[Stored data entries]
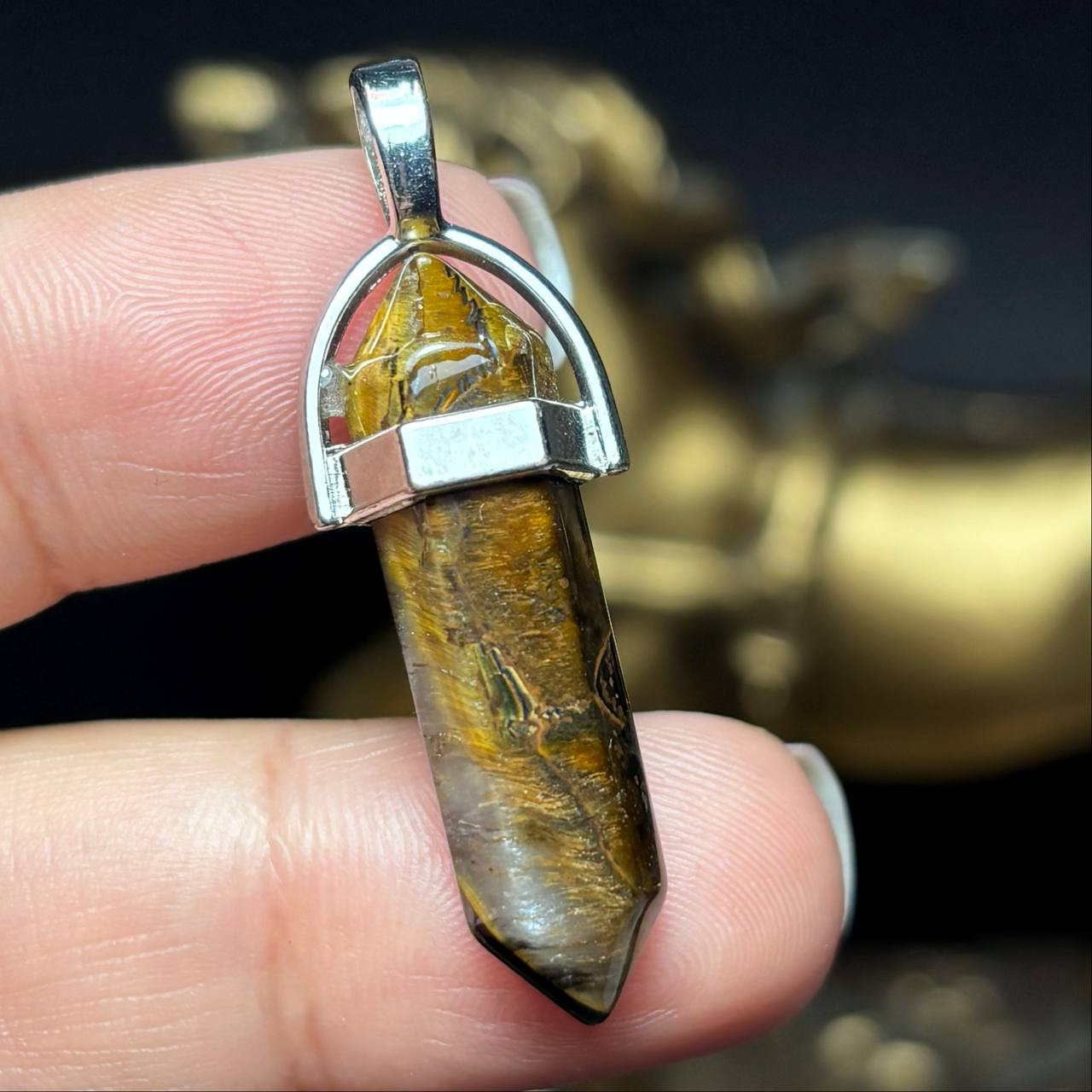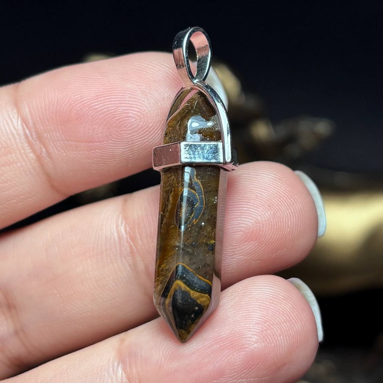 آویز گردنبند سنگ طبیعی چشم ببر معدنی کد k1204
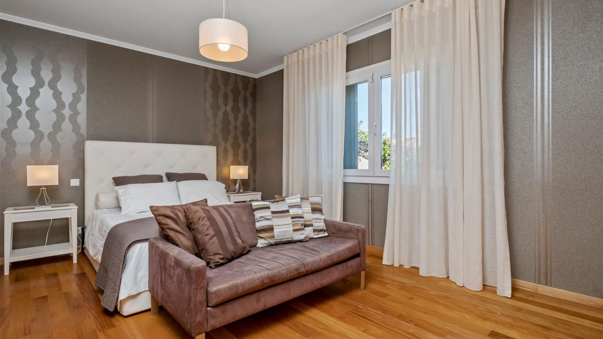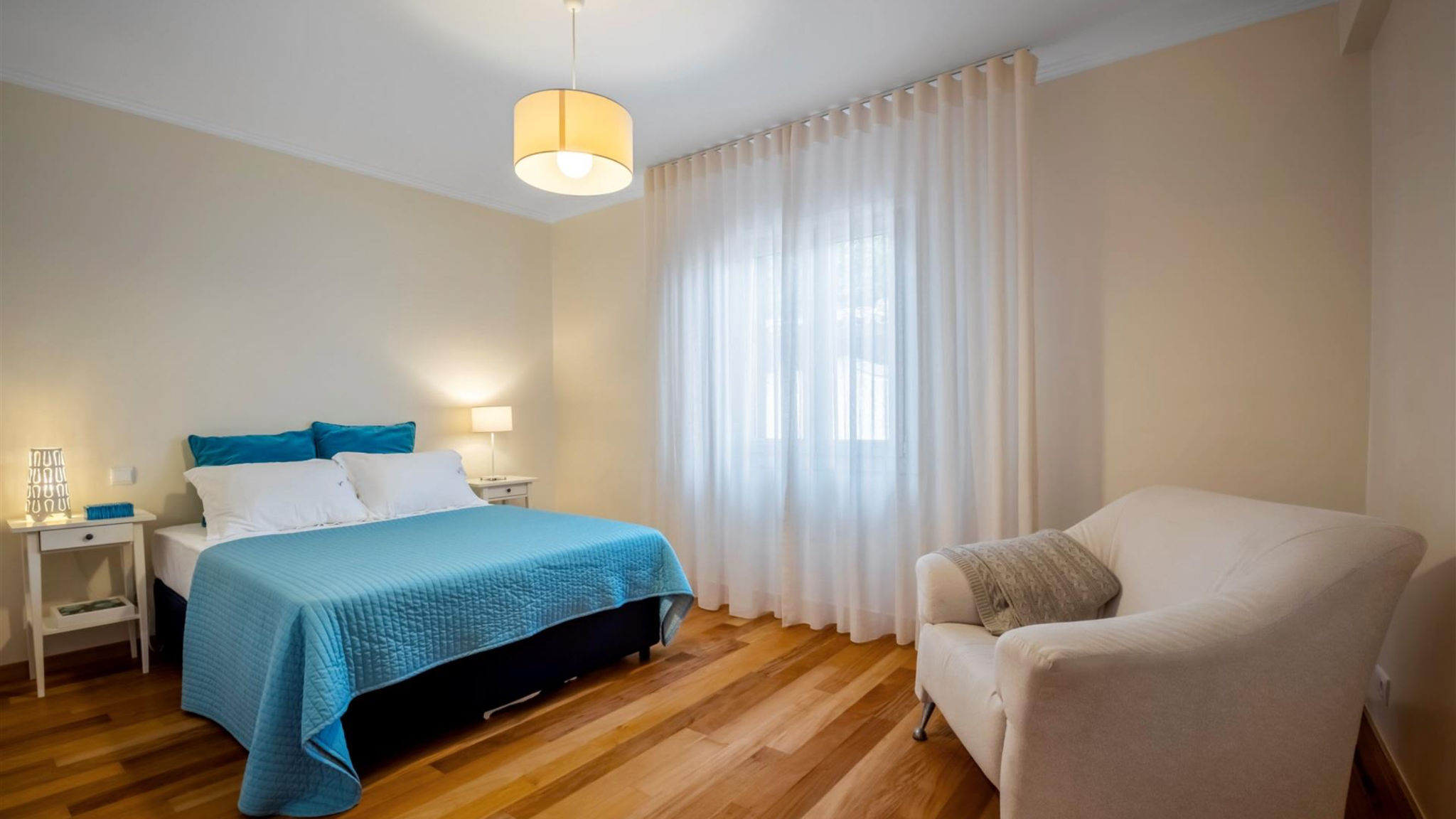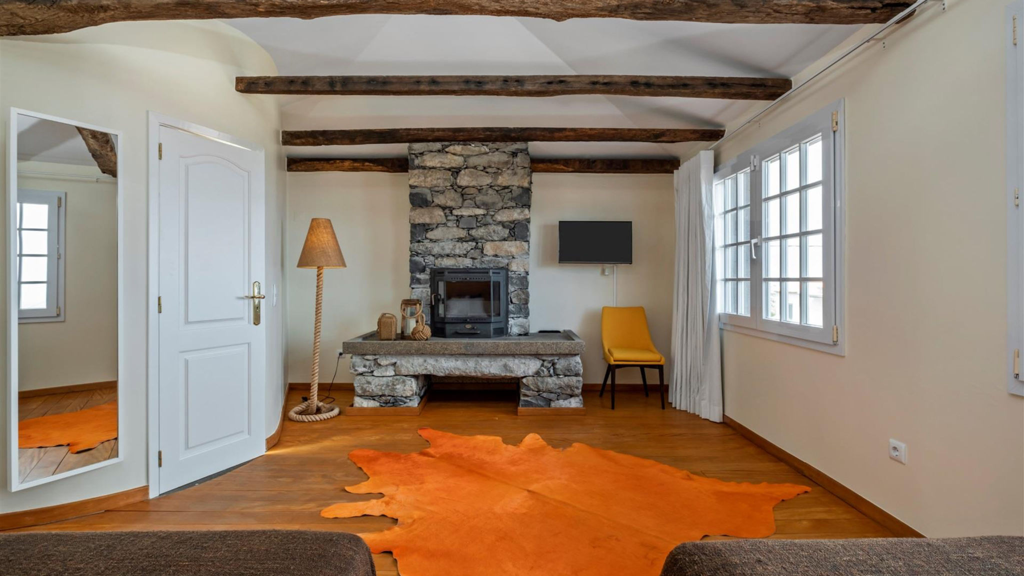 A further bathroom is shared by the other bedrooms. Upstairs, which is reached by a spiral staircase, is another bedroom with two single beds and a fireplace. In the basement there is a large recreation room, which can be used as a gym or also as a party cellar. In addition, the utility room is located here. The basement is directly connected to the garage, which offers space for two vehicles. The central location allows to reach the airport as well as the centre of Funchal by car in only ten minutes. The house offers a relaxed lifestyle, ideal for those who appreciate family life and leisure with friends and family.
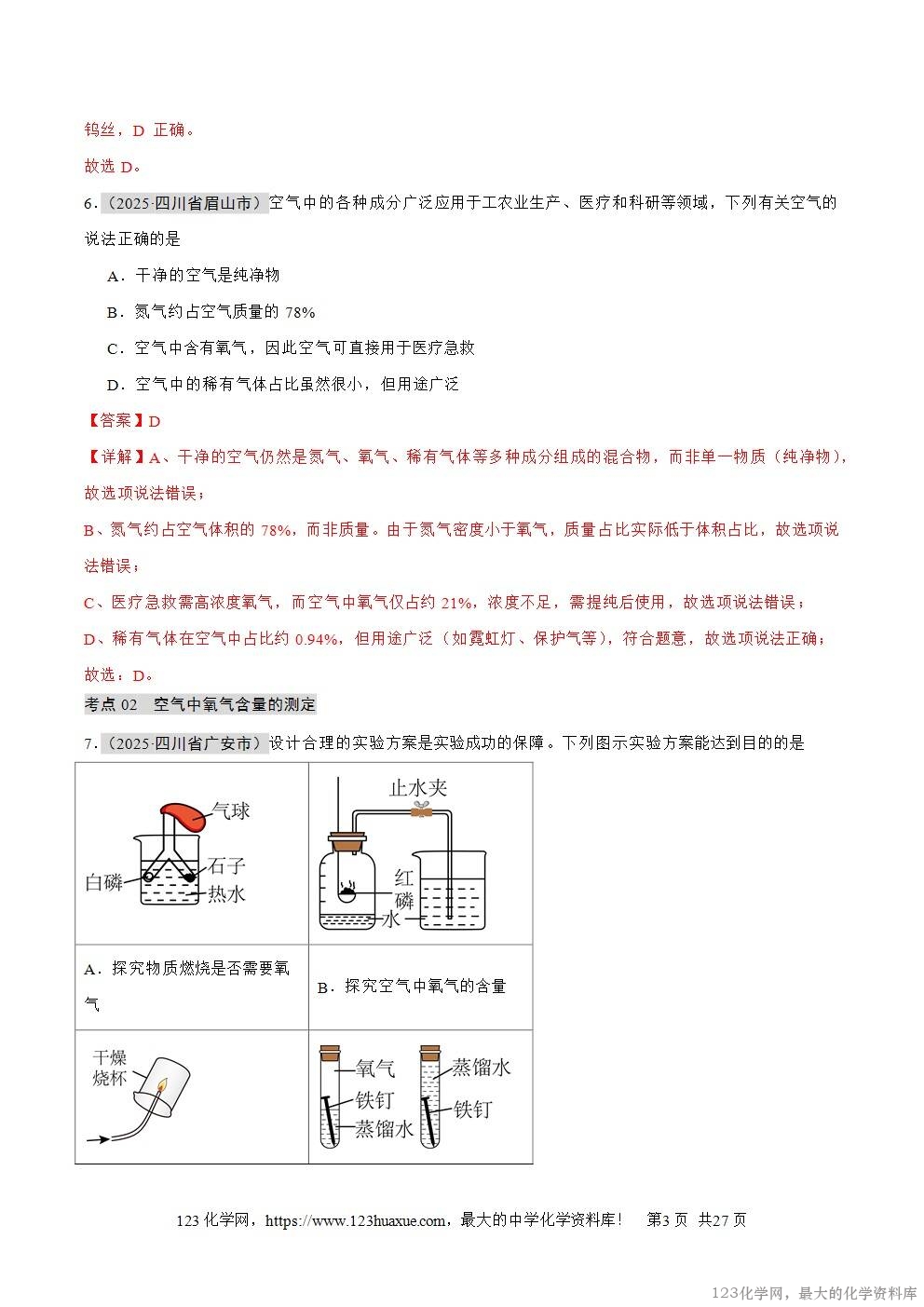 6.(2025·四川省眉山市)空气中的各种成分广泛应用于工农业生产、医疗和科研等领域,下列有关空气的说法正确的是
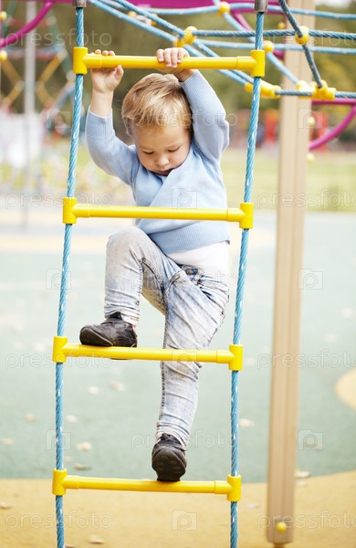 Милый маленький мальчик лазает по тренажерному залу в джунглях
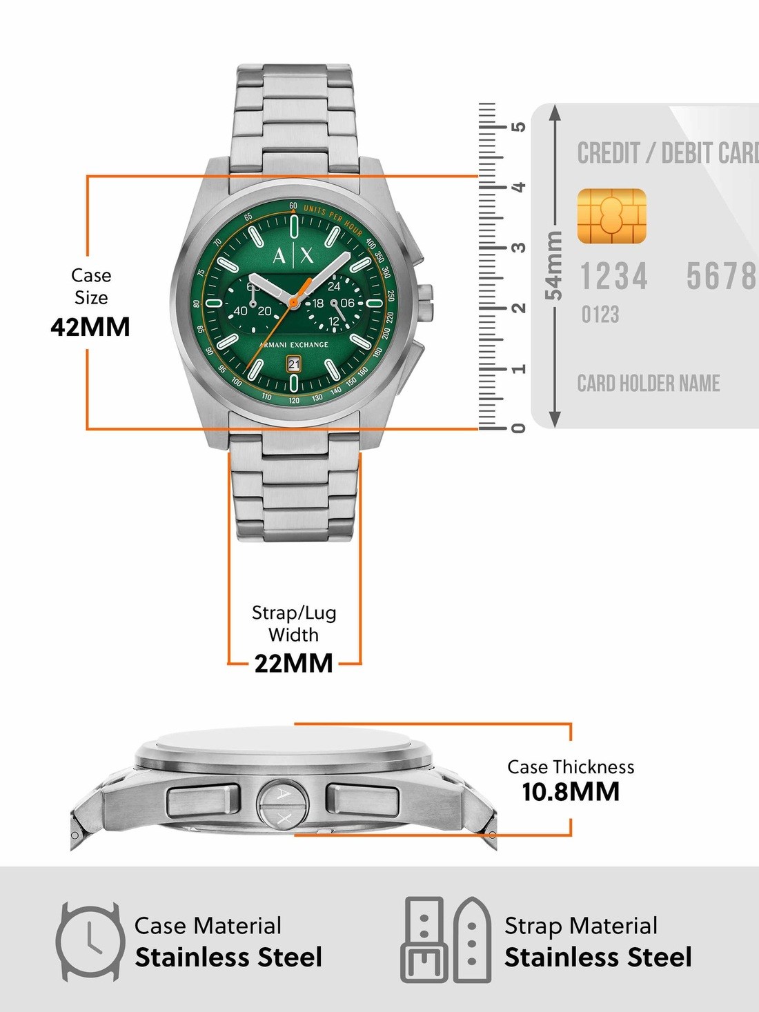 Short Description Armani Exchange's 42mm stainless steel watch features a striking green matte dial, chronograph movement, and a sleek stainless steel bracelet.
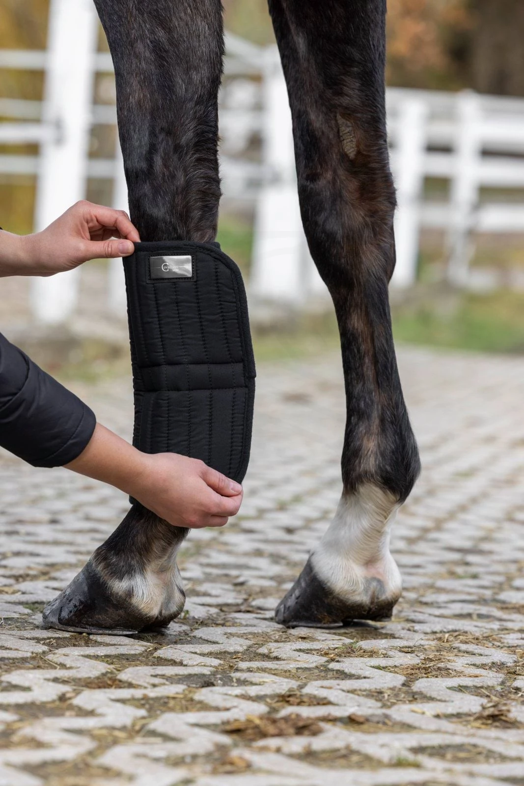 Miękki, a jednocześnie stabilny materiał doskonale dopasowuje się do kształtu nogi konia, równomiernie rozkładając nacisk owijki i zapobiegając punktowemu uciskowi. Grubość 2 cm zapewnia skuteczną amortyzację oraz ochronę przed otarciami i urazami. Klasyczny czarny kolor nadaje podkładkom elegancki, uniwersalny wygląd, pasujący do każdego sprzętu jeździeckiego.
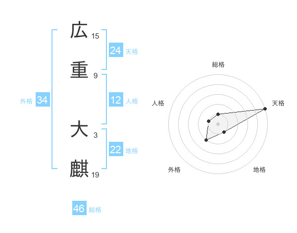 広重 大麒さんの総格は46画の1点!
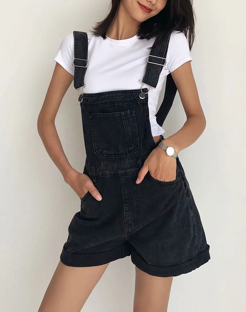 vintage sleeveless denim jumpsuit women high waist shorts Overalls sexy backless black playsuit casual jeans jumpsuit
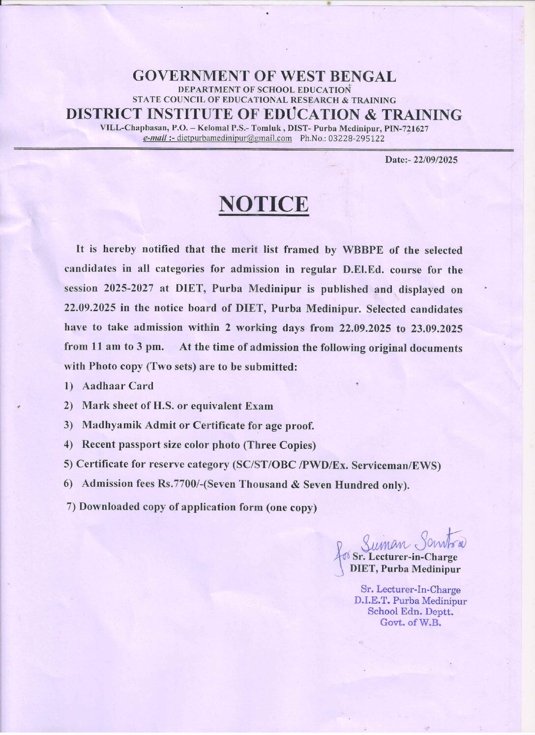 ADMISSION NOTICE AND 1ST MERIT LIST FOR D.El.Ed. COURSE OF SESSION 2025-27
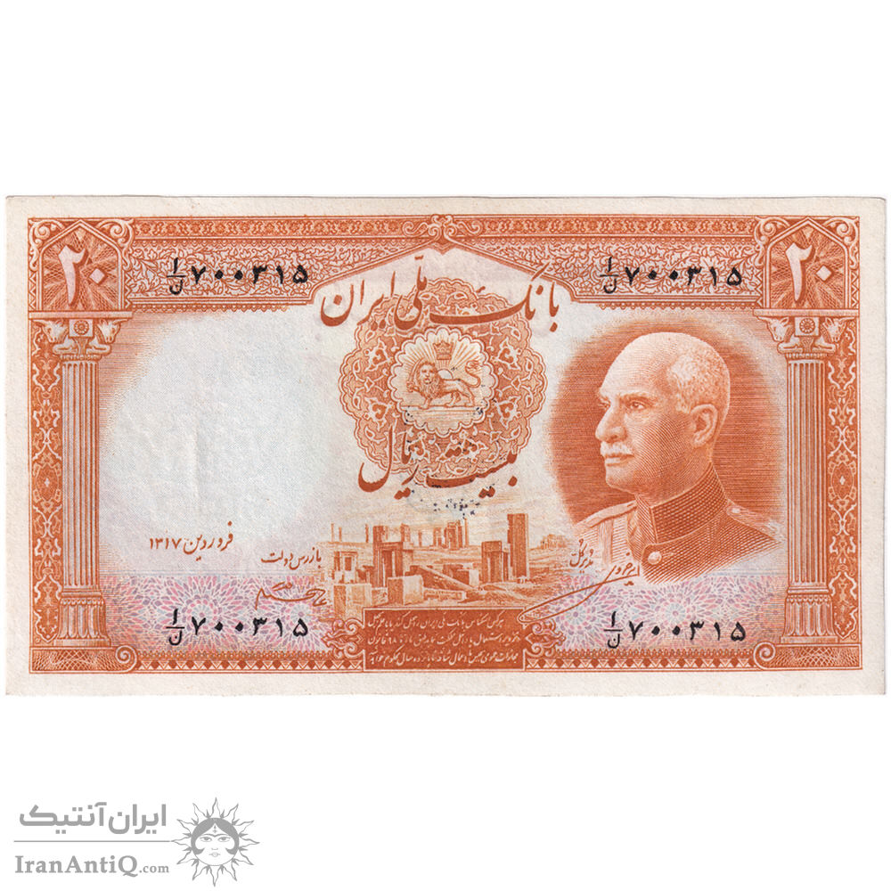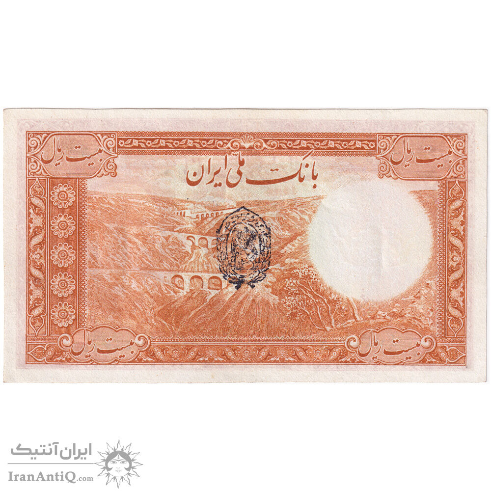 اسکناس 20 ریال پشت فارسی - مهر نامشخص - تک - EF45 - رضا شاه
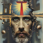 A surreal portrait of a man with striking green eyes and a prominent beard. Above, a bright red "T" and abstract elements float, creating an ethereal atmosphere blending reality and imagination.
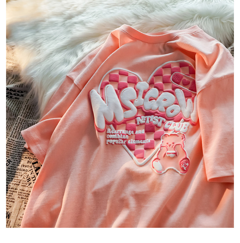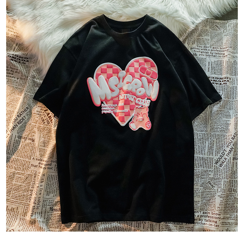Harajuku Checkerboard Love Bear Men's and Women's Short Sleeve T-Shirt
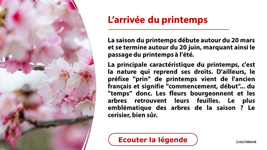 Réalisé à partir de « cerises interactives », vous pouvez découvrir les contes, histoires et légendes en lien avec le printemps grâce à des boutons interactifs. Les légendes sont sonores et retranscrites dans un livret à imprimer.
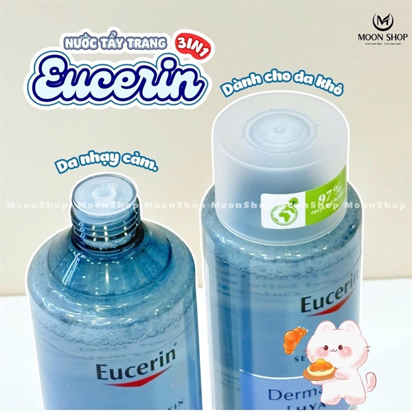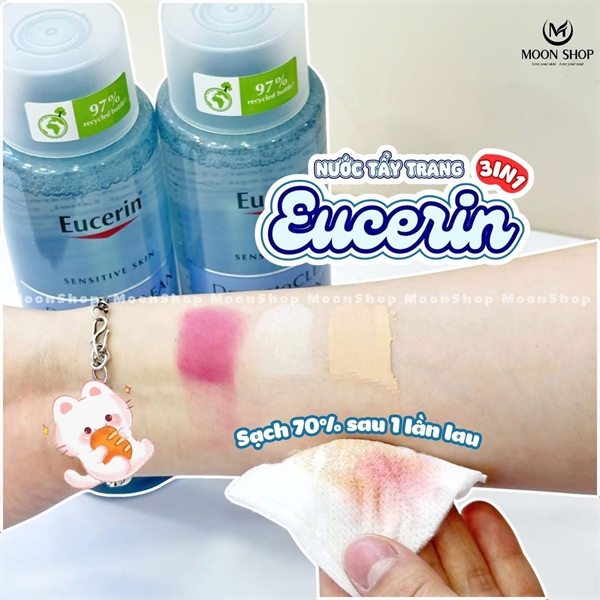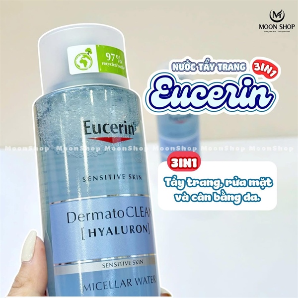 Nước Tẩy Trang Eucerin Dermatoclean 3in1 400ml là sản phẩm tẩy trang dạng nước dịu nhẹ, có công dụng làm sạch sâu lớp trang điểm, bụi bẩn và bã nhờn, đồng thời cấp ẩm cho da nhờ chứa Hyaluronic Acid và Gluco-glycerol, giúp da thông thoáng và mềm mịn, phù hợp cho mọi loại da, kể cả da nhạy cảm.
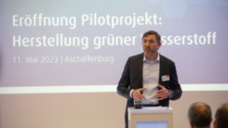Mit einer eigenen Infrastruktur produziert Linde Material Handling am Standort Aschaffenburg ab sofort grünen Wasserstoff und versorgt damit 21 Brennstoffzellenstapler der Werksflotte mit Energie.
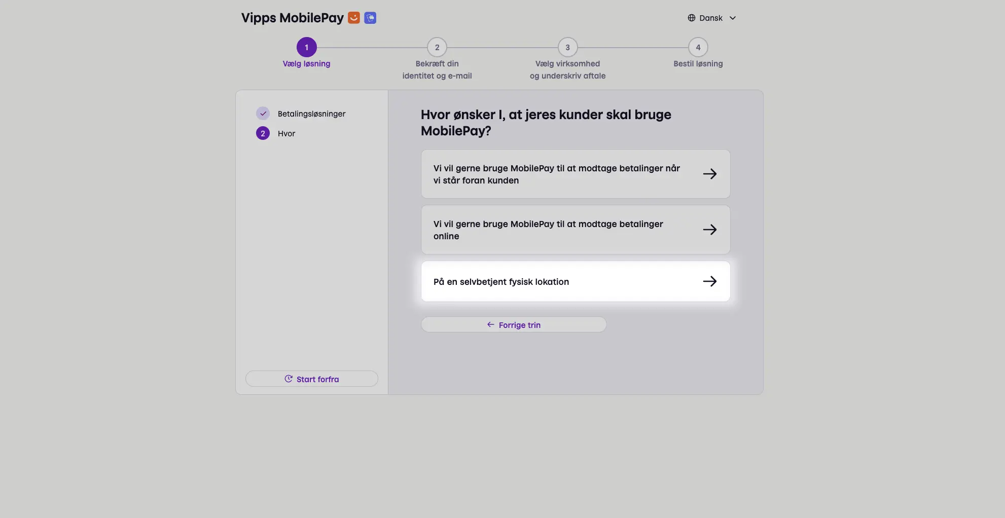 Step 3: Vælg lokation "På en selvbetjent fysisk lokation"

▸ **Problem to solve**
Look above for the line with "Милый маленький мальчик", then give again exactly every line from there through the line with "vintage sleeveless denim", skipping the pictures.

▸ **Answer for this exercise**
 Милый маленький мальчик лазает по тренажерному залу в джунглях
 Short Description Armani Exchange's 42mm stainless steel watch features a striking green matte dial, chronograph movement, and a sleek stainless steel bracelet.
 Miękki, a jednocześnie stabilny materiał doskonale dopasowuje się do kształtu nogi konia, równomiernie rozkładając nacisk owijki i zapobiegając punktowemu uciskowi. Grubość 2 cm zapewnia skuteczną amortyzację oraz ochronę przed otarciami i urazami. Klasyczny czarny kolor nadaje podkładkom elegancki, uniwersalny wygląd, pasujący do każdego sprzętu jeździeckiego.
 広重 大麒さんの総格は46画の1点!
 vintage sleeveless denim jumpsuit women high waist shorts Overalls sexy backless black playsuit casual jeans jumpsuit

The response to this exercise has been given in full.